Automating LetsEncrypt Certificates and OpenBSD’s HTTPD using Ansible
My newest side project involves the configuration of OpenBSDs HTTPD(8) to serve a clients domain via plain HTTP and via TLS using an automatically provisioned LetsEncrypt certificate.
The difficulty is that if we don’t have a certificate but we do have the config then httpd will fail to launch leaving the user in a worse situation than they were before.
The answer is to use Ansible’s stat module and liberal use of Jinja IF statements.
Task
---
- name: Ascertain if LetsEncrypt certificate exists
stat:
path: /etc/ssl/{{ clear_net_domain }}.crt
register: ssl_certificate_check
- name: Copy across plaintext/onion httpd config
template:
src: templates/httpd_singlehop.conf.j2
dest: /etc/httpd.conf
owner: root
group: wheel
mode: 0600
backup: yes
notify:
- restart httpd
- service:
name: httpd
state: started
- name: Copy across ACME config
template:
src: templates/acme-ah.conf.j2
dest: /etc/acme-ah.conf
owner: root
group: wheel
mode: 0600
- name: Enable LetsEncrypt
command: /usr/sbin/acme-client -vADf /etc/acme-ah.conf {{ clear_net_domain }}
args:
creates: /etc/ssl/{{ clear_net_domain }}.crt
notify:
- restart httpd
ignore_errors: yes
- name: Copy across ACME cron
template:
src: templates/cron/daily.local.j2
dest: /etc/daily.local
owner: root
group: wheel
mode: 0700
The very first thing we do is to check if our certificate exists or not, we then copy across a httpd configuration and an ACME configuration (see below). With the ACME configuration in place we can try and register the domain and retrieve a certificate, because there is no guarantee that our user/customer has pointed their domain at this server yet we allow the task to fail. Finally a cron job is added that renews the certificate.
httpd Template
#MACROs
ipv4_address="185.104.123.{{ ipv4_last_octet }}"

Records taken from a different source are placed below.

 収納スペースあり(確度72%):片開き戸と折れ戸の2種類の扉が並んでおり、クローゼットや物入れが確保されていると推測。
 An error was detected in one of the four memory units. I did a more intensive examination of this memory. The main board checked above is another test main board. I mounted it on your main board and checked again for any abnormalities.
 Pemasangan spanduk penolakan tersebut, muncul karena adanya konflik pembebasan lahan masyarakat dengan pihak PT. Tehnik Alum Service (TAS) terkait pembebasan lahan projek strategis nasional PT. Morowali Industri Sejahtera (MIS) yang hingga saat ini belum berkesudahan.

ipv6_address="2a06:3000:1000:{{ ipv6_64_subnet }}::1"
clearnet_domain="{{ clear_net_domain }}"
# HTTP instance (note the ACME location)
server "{{ clear_net_domain }}" {
listen on $ipv4_address port 80
listen on $ipv6_address port 80
no log
{% if enable_php == true %}
location "*.php" {
fastcgi socket "/run/php-fpm.sock"
}
{% else %}
#PHP disabled
{% endif %}
#ACME
location "/.well-known/acme-challenge/*" {
root "/acme"
root strip 2
}
root "/users/hosting/public_html/"
}
# An SSL instance of the website
{% if ssl_certificate_check.stat.exists == true %}
server "{{ clear_net_domain }}-ssl" {
listen on $ipv4_address tls port 443
listen on $ipv6_address tls port 443
no log
{% if enable_php == true %}
location "*.php" {
fastcgi socket "/run/php-fpm.sock"
}
{% else %}
#PHP disabled
{% endif %}
tls certificate "/etc/ssl/{{ clear_net_domain }}.fullchain.pem"
tls key "/etc/ssl/private/{{ clear_net_domain }}.key"

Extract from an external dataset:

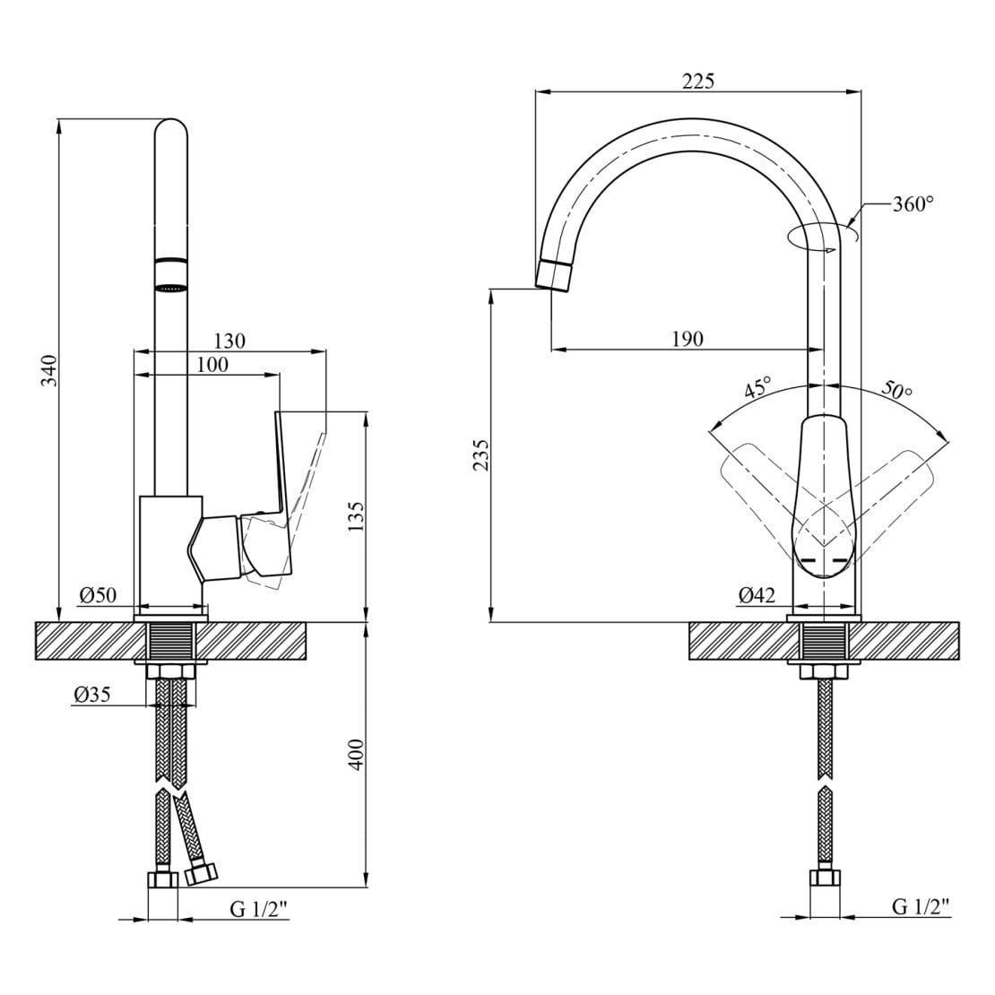 | Высота смесителя, мм | 340 |

root "/users/hosting/public_html/"
}
{% else %}
# No SSL certificates yet
{% endif %}
# Include MIME types instead of the built-in ones
types {
include "/usr/share/misc/mime.types"
}
Within the certificate we test if our certificate exists with ssl_certificate_check.stat.exists, if it does the configuration is written out and if not a comment is left that we have no certificate.

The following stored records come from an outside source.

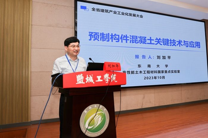 学术交流环节,结合装配式建筑发展前景、建筑材料研究等问题,刘加平、薛伟辰、王景全分别作了题目为“预制构件混凝土关键技术与应用”“新型装配式混凝土结构体系研发标准编制与工程应用”“基于UHPC的轻量化高性能桥梁结构创新研究”的学术报告,介绍了装配式混凝土建筑一体化建造关键技术。中亿丰建设集团股份有限公司满建政、南京长江都市建筑设计股份有限公司赵学斐、南通联泷装配式建筑科技有限公司龚祖平代表优秀企业分别进行了题为“基于高效连接的装配式预应力混合梁框架结构体系创新与工程实践”“某装配式组合结构居住建筑设计关键技术研究与应用”“LL20-150W装配式自保温剪力墙专用智能生产线—侧立模生产工艺自动化研究”的学术交流,重点呈现了江苏省装配式建筑企业在建筑产业工业化方面进行的重要工程实践。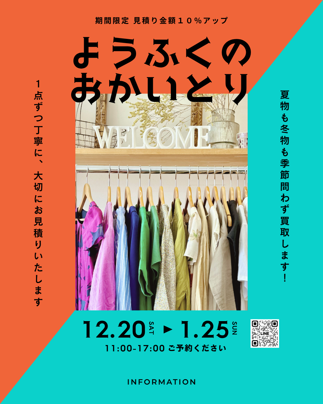 ※お品物をお持ちいただく際は、クリーニングの袋やハンガーは外してお持ちください。
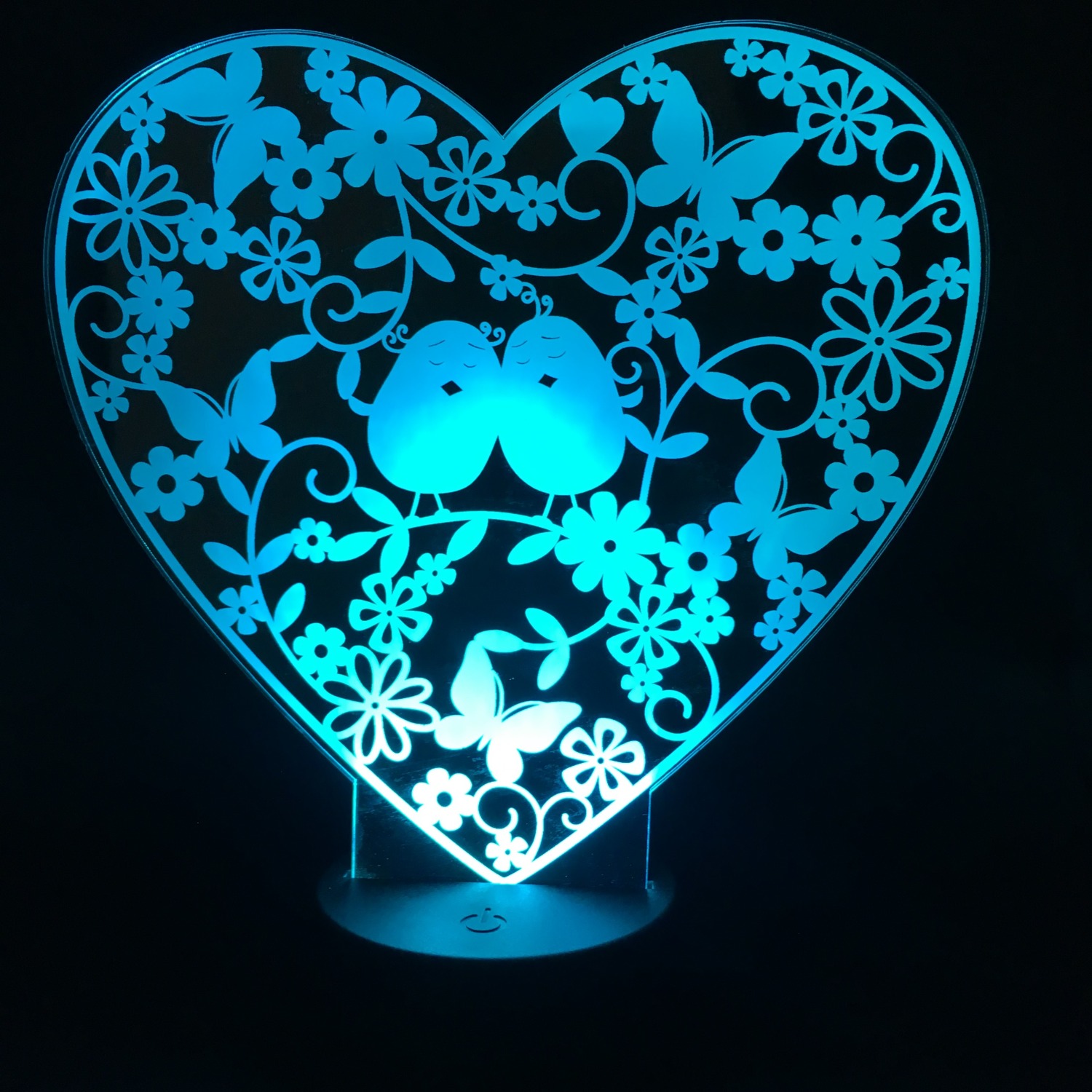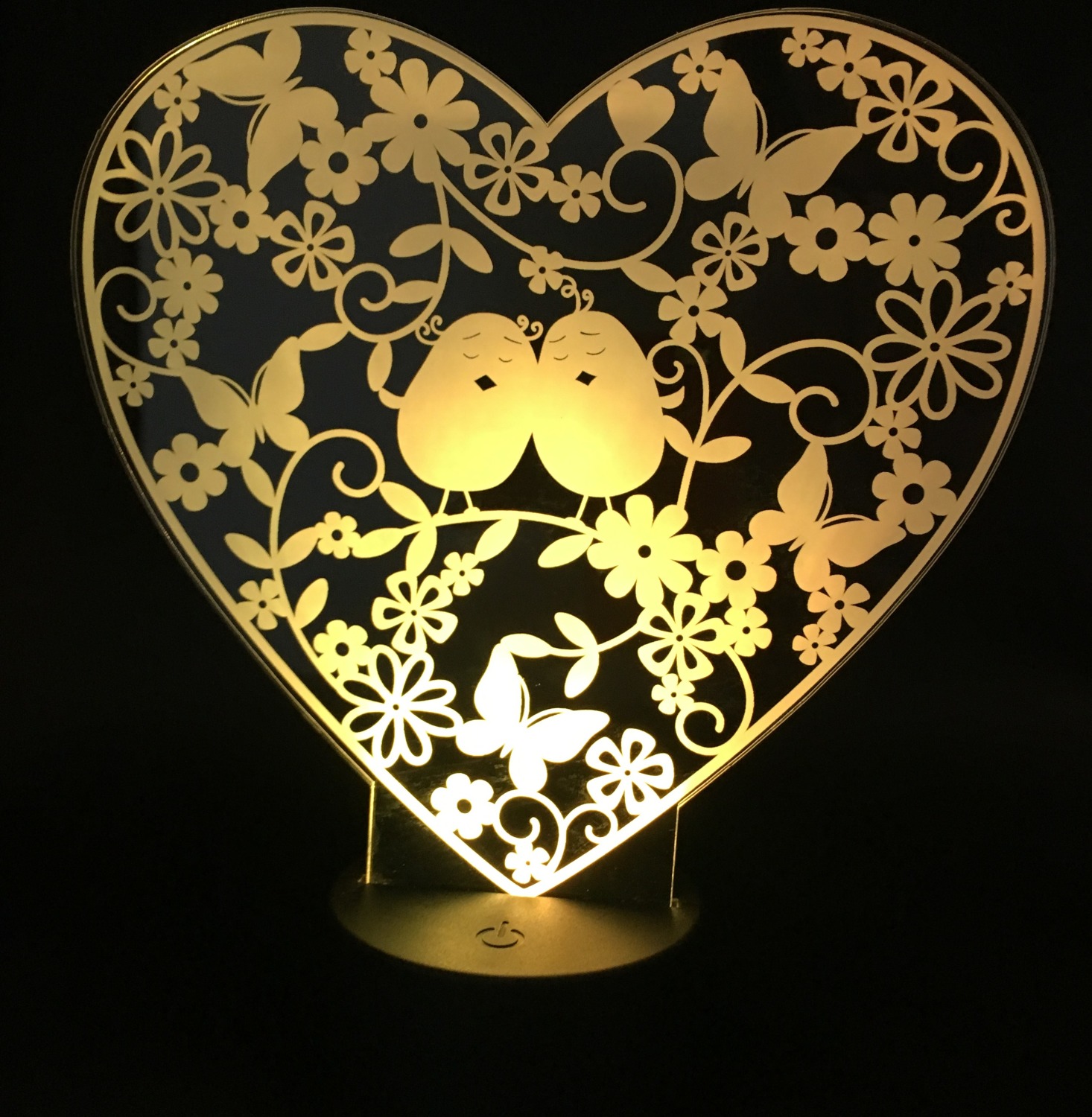 Lamp nightlight "Birds" It is made of acrylic 4 mm, the size of the visible part of the plate is 203 * 203 mm. Stand round shape with a diameter of 83 mm, height 40 mm. The power source is a battery or USB cable. Seven glow modes. The total height of the lamp 243 mm. The lamp - a night light will be a wonderful gift for adults and for children!

As and when the user points their domain to this server it will already be serving their files over plain HTTP and the next time Ansible runs it will create the certificates and restart httpd to enable TLS!
One of the key elements to note is the use of the location directive in the HTTP virtual host, this is the recommended way of handling letsencrypt and is documented in the man page of ACME-CLIENT(1).